Finally it’s Christmas time! It’s been a crazy, busy fall so these holidays are really needed. “Luckily” I’ve done so many extra hours during the fall that I can stay out of the office till January, 13.
Yesterday I came to Tampere to enjoy the Christmas time with my parents. Here in Finland Christmas is a very traditional, and also quite a melancholic, time. Even most of our most beloved Christmas carols are gloomy songs telling about death, poverty and war.
For example last night I was humming a song which tells how “life lasts only a moment and it’s gloomy and sad”. The tone is happy, which makes the song even stranger.
During Christmas, we remember all the dead relatives and friends and have an eery constant feeling that all these good moments shall be over soon… Probably the national gloominess is due to the fact that Christmas takes place in December, when we have already suffered a couple of months of constant darkness and bad weather. Who could be cheerful at this point?!
This said, I love Christmas. And it’s not that gloomy. It’s also time to really relax, enjoy good and happy moments with your loved ones (the gloomy side of me needs to add: if you have any left), read books, enjoy the snow (gloomy comment: if there is any) and to respect all the Christmas traditions – of which we have plenty!

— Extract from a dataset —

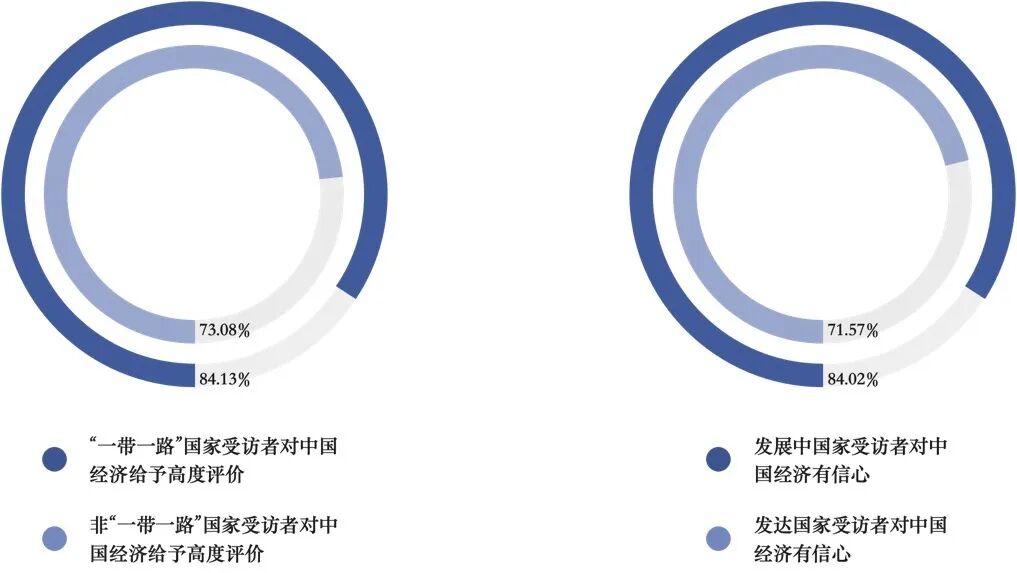 这项名为“新时代的中国”的全球民意调查,由中央广播电视总台CGTN智库联合中国人民大学国家治理与舆论生态研究院共同发起。调查对象既包括美国、英国、法国、德国、加拿大、澳大利亚、新西兰、日本、韩国、新加坡等发达国家的居民,也包括巴西、阿根廷、墨西哥、泰国、印度、巴基斯坦、阿拉伯联合酋长国、埃及、尼日利亚、肯尼亚、南非等发展中国家的受访者。结果显示,对中国经济成就高度赞赏的受访者比例,在非洲高达91.46%。欧洲紧随其后,占比达到81.60%。北美洲位列第三,达到78.09%。About 78.34 percent of respondents from 22 countries believe the Chinese economy has injected vitality into the global economy over the past decade and has become the engine of the world economy, according to a joint survey conducted by CGTN and Renmin University of China. The survey has interviewed respondents who are 38.64 years old on average from developed countries such as the U.S., the UK, France, Germany, Canada, Australia, New Zealand, Japan, South Korea, Singapore, as well as developing countries like Brazil, Argentina, Mexico, Thailand, India, Pakistan, United Arab Emirates, Egypt, Nigeria, Kenya and South Africa. Over half respondents have higher education, with 54.71 percent having a bachelor's degree or above, of which 15.22 percent are masters and doctors. The survey showed that 91.46 percent of respondents from Africa spoke highly of China's economic achievements. Europe followed closely with a share of 81.60 percent, while North America ranked third with 78.09 percent. 各大洲受访者对“中国经济已经成为世界经济的引擎”的认同度“一带一路”沿线国家占全世界人口超过六成,占全球经济总量约30%。此次调查显示,“一带一路”沿线国家对中国经济给予高度评价的比例达到84.13%,显著高于非“一带一路”国家。与发达国家相比,发展中国家的受访者在调查中表现出对中国经济更强的信心,占比达到84.02%。It also showed that 84.13 percent of respondents from countries along the Belt and Road Initiative (BRI) spoke highly of China's economic achievements, more than those from countries out of the BRI. Meanwhile, 84.02 percent of respondents from developing countries have confidence in the Chinese economy, more than those from developed countries.

They deserve a post on their own, so now I’ll concentrate on the first one: finding the perfect Christmas tree.
In the old times Finnish people went to the nearest forest, cut a tree, brought it inside the house and decorated it. Voilà!
Nowadays it’s different, of course, at least if you live in a city. This morning my parents and I went to Lielahti, the commercial district of Tampere, to the place where we found our perfect tree last year.
Choosing the Christmas tree is always a very challenging task. The trees are too tall or too short, too bold or too “hairy”, too strange or too boring.
After carefully evaluating every single tree there, we finally found our perfect match! Now it’s waiting outside the house (we hope that nobody steals it in the night!) till December 23. Then we’ll bring it in and decorate it with all the traditional, very old decorations. A that moment the house fills with the smell of needles and Christmas can officially begin.